#### Records supplied

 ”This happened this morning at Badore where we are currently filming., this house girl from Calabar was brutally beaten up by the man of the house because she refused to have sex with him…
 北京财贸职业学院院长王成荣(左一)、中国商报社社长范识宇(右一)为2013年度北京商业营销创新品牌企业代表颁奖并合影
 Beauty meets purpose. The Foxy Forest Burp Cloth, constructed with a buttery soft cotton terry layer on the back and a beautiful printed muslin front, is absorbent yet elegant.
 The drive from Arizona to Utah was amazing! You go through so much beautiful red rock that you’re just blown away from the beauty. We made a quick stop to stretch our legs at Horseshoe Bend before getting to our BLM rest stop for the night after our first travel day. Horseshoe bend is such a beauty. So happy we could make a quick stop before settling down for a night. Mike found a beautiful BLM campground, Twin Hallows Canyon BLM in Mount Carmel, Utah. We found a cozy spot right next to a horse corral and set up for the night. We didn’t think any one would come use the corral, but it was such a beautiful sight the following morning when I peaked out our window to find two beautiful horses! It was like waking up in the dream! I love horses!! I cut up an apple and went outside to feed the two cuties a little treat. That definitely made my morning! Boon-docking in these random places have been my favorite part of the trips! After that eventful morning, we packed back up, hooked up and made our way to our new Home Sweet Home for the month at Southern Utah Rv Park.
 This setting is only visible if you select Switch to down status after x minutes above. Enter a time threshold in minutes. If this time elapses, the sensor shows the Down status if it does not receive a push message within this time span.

########
#### Records supplied

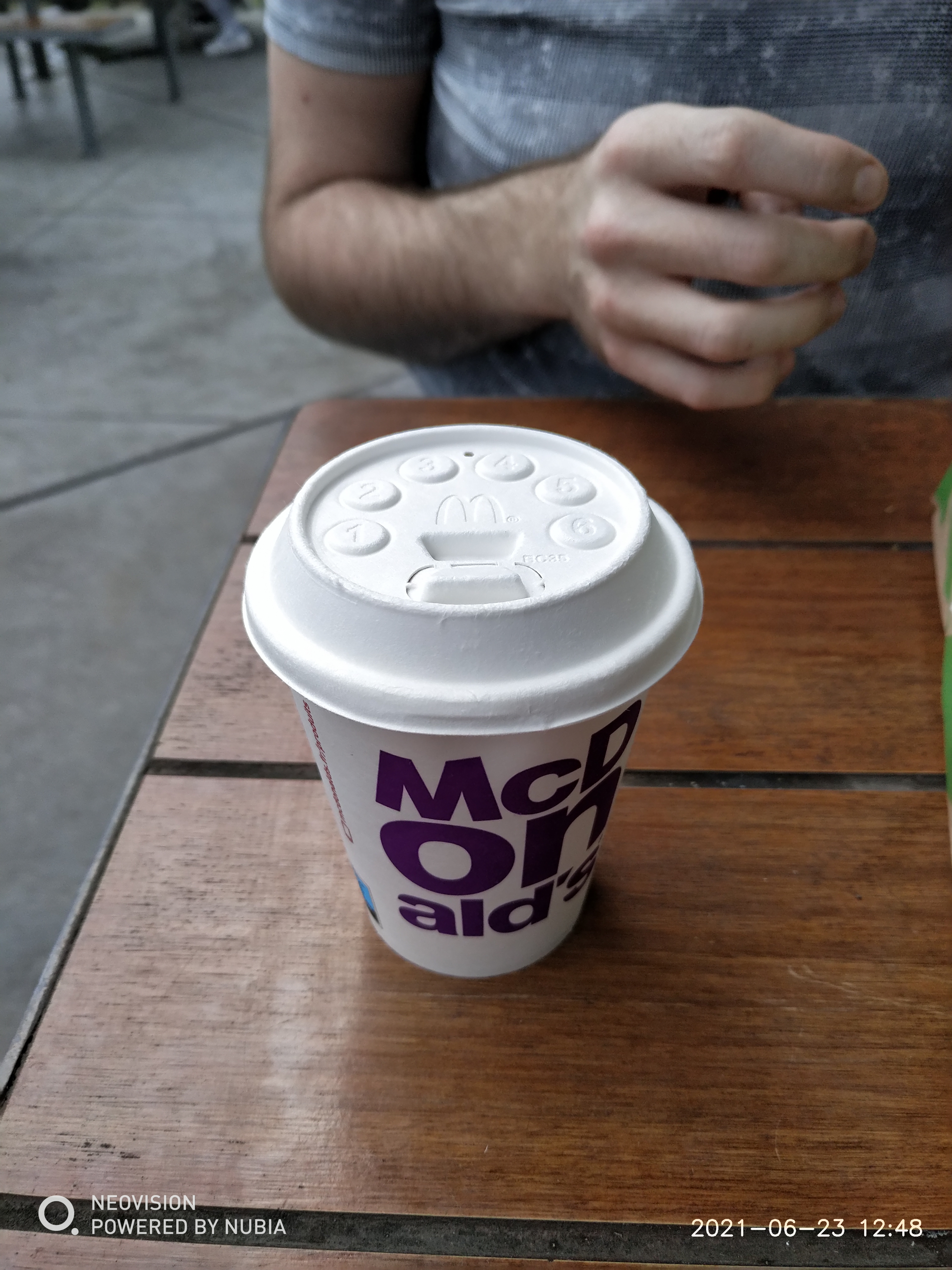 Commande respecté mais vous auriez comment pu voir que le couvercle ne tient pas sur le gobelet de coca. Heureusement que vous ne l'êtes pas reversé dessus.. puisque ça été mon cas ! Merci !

########

What this task involves:
Reproduce verbatim only the segment of the listing bounded by the line containing "北京财贸职业学院院长王成荣(左一)、中国" and the line containing "Beauty meets purpose.", with both boundary lines included.

Completed task:
 北京财贸职业学院院长王成荣(左一)、中国商报社社长范识宇(右一)为2013年度北京商业营销创新品牌企业代表颁奖并合影
 Beauty meets purpose. The Foxy Forest Burp Cloth, constructed with a buttery soft cotton terry layer on the back and a beautiful printed muslin front, is absorbent yet elegant.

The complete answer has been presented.